What one tip would you offer an amateur cook looking to improve his or her cooking?
Just try it. The idea behind cooking is trying. At home, try everything. You’ll figure it out and get better. And for an amateur chef, go work at restaurants for free or for pay–the more experience, the better.

What do you wish you could tell your line-cook self?
Enjoy this moment when there are no other responsibilities and you just have to focus on this day and this mise en place, versus all the other things you’ll eventually take on. And try to inspire people and get inspiration from them. It can be exhausting. So just focus on cooking this food right and well.

What’s your favorite dish on your menu right now?
I have maybe three favorites right now. One of the items is the black cod. Another is the pigeon with foie and star anise. It’s super-tender, and the turnips are cooked different ways–glazed and fresh–so they all have different textures. And finally, the sea urchin. The daikon comes raw, pickled, and braised. We combine that with the sea urchin we get flown in from California.
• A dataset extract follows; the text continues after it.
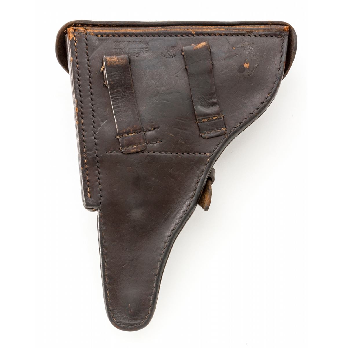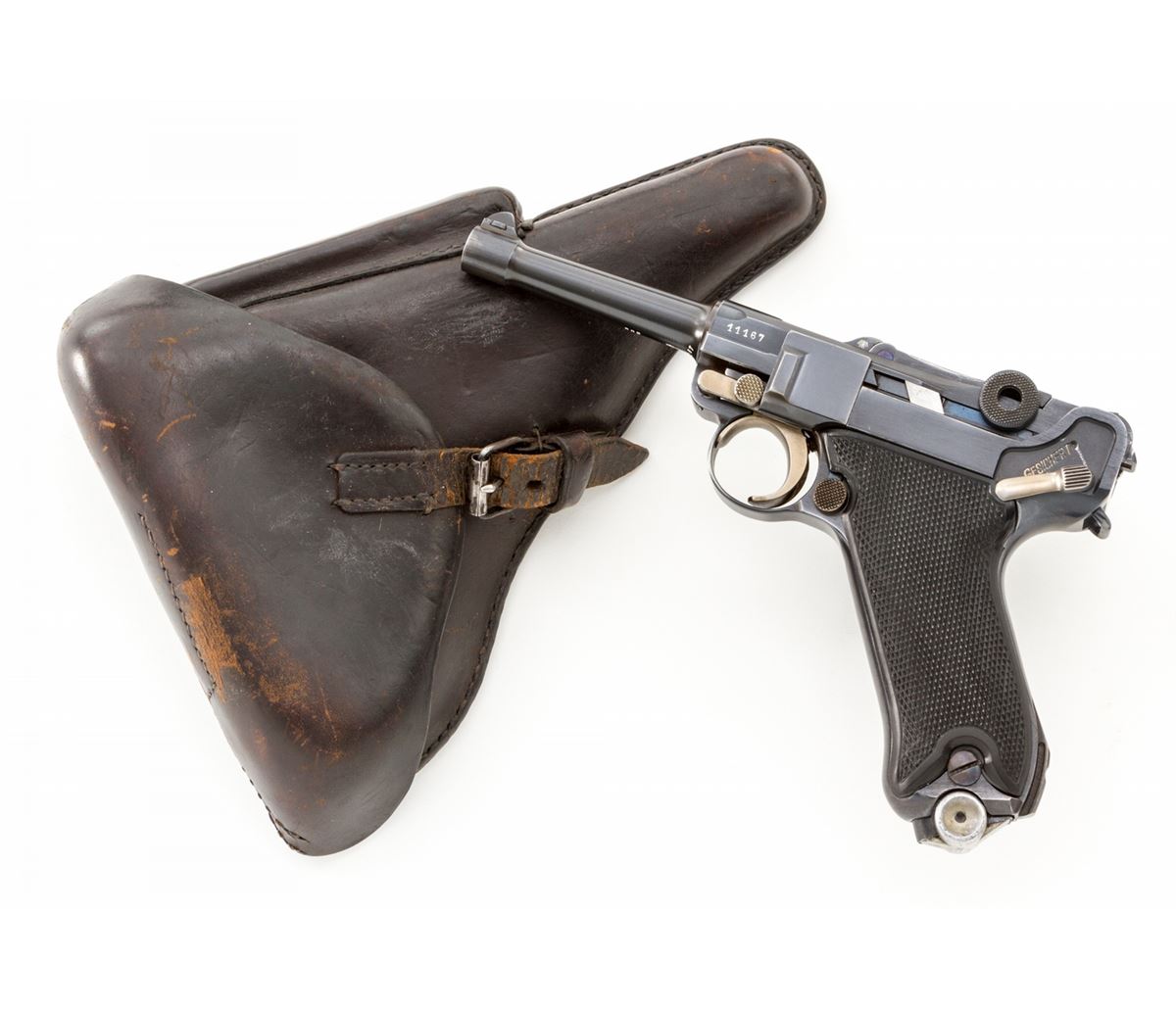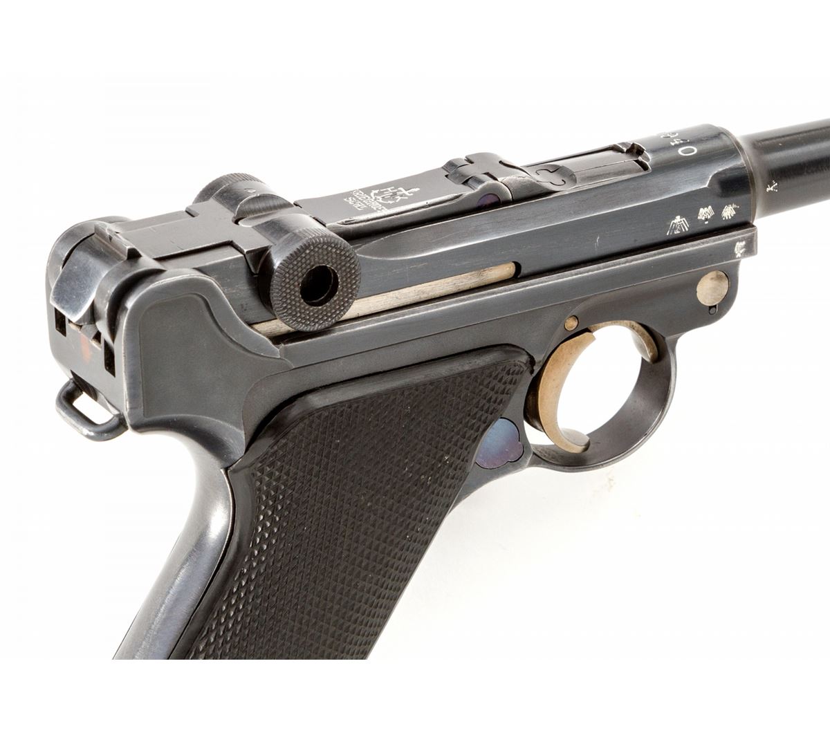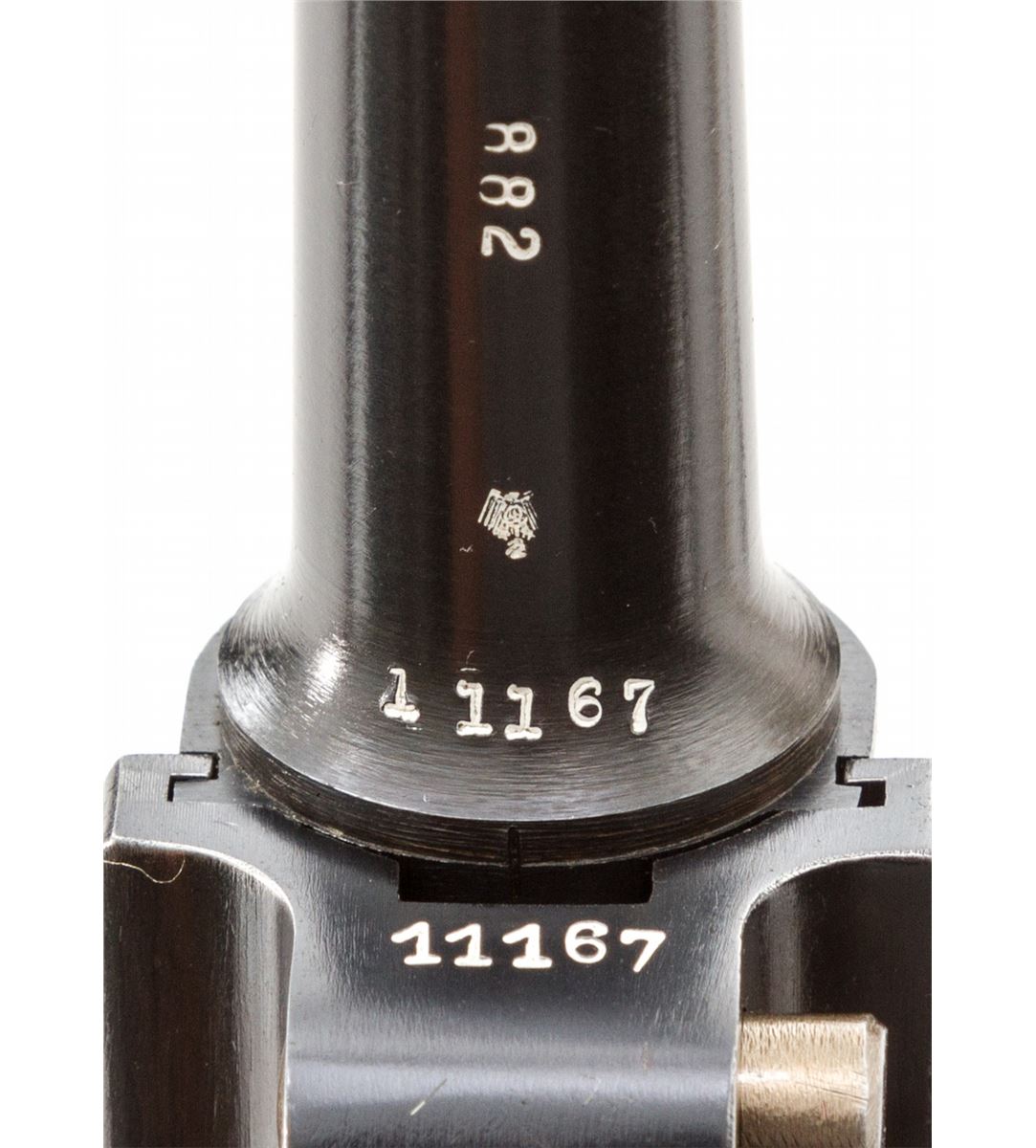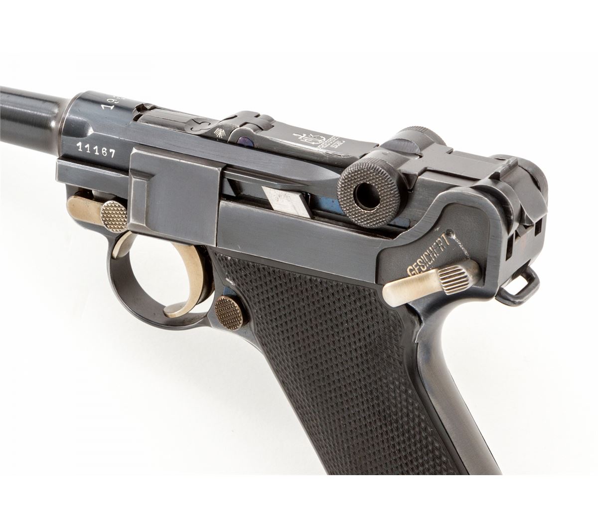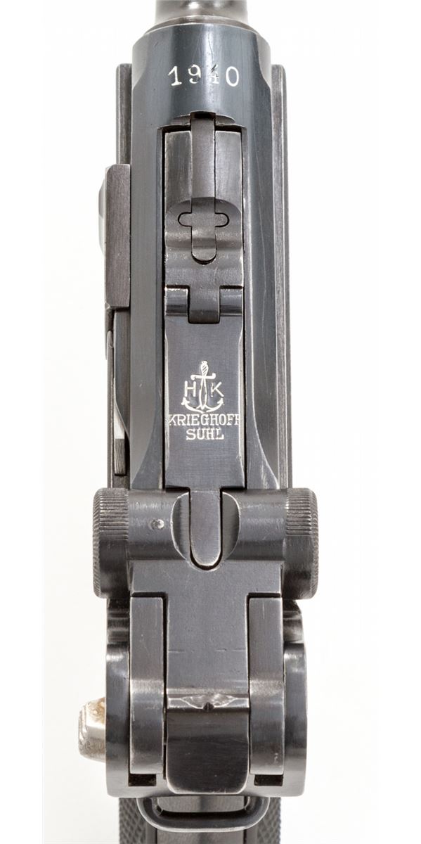Rare 1940 Dated Krieghoff Luger, #11167, 9mm, 4'' barrel, salt blue finish with straw small parts, factory molded black checkered plastic grips with smooth border, and two matching numbered blue-bodied extruded magazines with pinned aluminum bases. Chamber dated 1940, standard Krieghoff anchor to central toggle, ''Gesichert/Geladen'' marked thumb safety and extractor, with full complement of Luftwaffe component and inspection markings. In 1940 dated brown leather holster. Considered rare with only 1100 mfg'd. Condition is excellent retaining approx. 98% original lightly toning blue. Grips and action are crisp, bore is bright. Holster with tight stitching and light scuffs and scratches. Est.: $5,000-$7,500. (C&R/PPT) (John Siroonian estate)

What are your favorite local purveyors?
Anyone at the Greenmarket. D’Artagnan for meats, pigeon, and rabbit. All of the oyster purveyors: Hama Hama, Norm Bloom in Connecticut. We get so many oysters. Learning when they’re harvesting and seeding is like learning about vegetables; there’s such a small window. They’re mailed to us and brought to us. Naked Cowboy brings them to us directly. Krystof [Zizka], the owner, helped build and maintain all that so we can have all the variety.

Describe your craziest night in the kitchen.
There was a night at Adour, and we were serving a very big private dinner. Eighty people were coming. Daniel Boulud and Thomas Keller were there; each chef was doing a different course, and we were doing the first and last courses. Mr. Ducasse was in the kitchen, and all of these chefs and sous chefs were working together. We were going to send out these gougères [a type of puff pastry] at the beginning. So we made the gougères and put them in the oven, and someone burned the gougères. All of a sudden, we’re scrambling around, whipping eggs, and making a whole new batch of gougères fast-fast-fast. We were frantic: We had to whip out 80 more gougères. But I’ll never forget seeing Mr. Ducasse standing there, cool as a cucumber, and watching all the other chefs watch us quietly from the sidelines. There was this divide in the kitchen. That’s what it’s always like when some mishap happens. A tray of something falls down, someone burns your whatever, and you go fast to get it fixed.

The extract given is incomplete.